Amplidata's technology addressing the end of RAID is BitSpread. It is a RAID replacement technology based on erasure coding that spreads data and parity out across multiple nodes in the storage grid. It aims to greatly minimize the impact of a node or disk failure. Customers can configure availability based on their needs and can have multiple availability policies within a single storage system. Recovery of a drive or node is comparatively very fast, unlike RAID.

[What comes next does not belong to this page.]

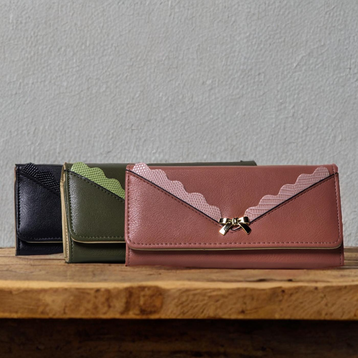 Inspired by classic correspondence, these gorgeous tri-fold wallets feature a distinctive, scalloped edge design that gives the look of a sealed envelope. Perfect for the modern woman who values both fashion and functionality.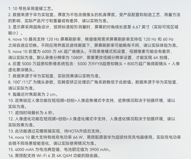 华为(HUAWEI)nova 10 128GB 曜金黑【小时达】

BitDynamics provides the storage cluster with scalability and self-healing. It performs proactive self-verification of disk bit errors and then automatically heals that disk block or entire disk as needed. This aims to reduce the amount of work that BitSpread needs to do on a component failure and is expected to improve overall system reliability.

BitLog leverages idle power on the connecting host by using local SSD and HDD cache to provide continuous logged sequential writes from the host to the storage. Then, in turn, it will give high random read performance with the SSD cache, local in the application server for the most frequently accessed data. Meaning that a hot file does not even need to go across the storage network, it can be delivered directly from the application server. In addition, BitLog includes thin provisioning, unlimited snapshots, writeable clones and out-of-band optimization.

AmpliStor product provides object storage for petabyte-scale, unstructured data applications.